● MATERIAL PROVIDED:
· · ·

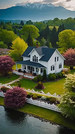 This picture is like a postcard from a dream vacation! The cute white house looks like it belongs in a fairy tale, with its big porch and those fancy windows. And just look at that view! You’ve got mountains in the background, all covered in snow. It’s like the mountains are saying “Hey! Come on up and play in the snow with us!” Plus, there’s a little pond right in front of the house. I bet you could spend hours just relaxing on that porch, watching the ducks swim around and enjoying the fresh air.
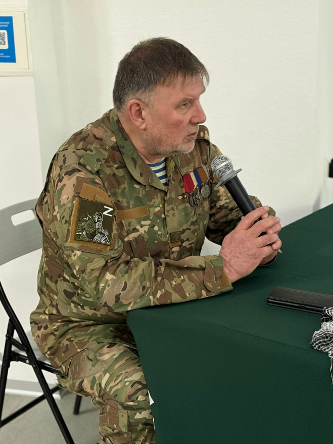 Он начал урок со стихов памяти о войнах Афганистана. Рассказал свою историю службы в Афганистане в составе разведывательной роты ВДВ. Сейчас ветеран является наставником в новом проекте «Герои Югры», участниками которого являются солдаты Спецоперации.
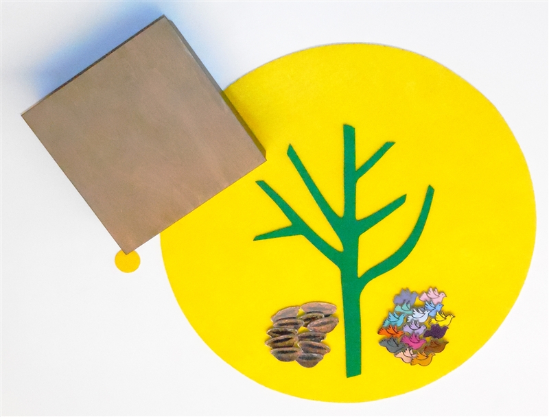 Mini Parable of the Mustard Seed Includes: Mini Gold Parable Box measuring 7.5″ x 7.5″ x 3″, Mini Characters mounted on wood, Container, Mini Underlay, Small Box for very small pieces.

· · ·

● WHAT THE TASK REQUIRES:
What is needed is the listing above, repeated verbatim, without its images.

● EXERCISE RESPONSE:
 This picture is like a postcard from a dream vacation! The cute white house looks like it belongs in a fairy tale, with its big porch and those fancy windows. And just look at that view! You’ve got mountains in the background, all covered in snow. It’s like the mountains are saying “Hey! Come on up and play in the snow with us!” Plus, there’s a little pond right in front of the house. I bet you could spend hours just relaxing on that porch, watching the ducks swim around and enjoying the fresh air.
 Он начал урок со стихов памяти о войнах Афганистана. Рассказал свою историю службы в Афганистане в составе разведывательной роты ВДВ. Сейчас ветеран является наставником в новом проекте «Герои Югры», участниками которого являются солдаты Спецоперации.
 Mini Parable of the Mustard Seed Includes: Mini Gold Parable Box measuring 7.5″ x 7.5″ x 3″, Mini Characters mounted on wood, Container, Mini Underlay, Small Box for very small pieces.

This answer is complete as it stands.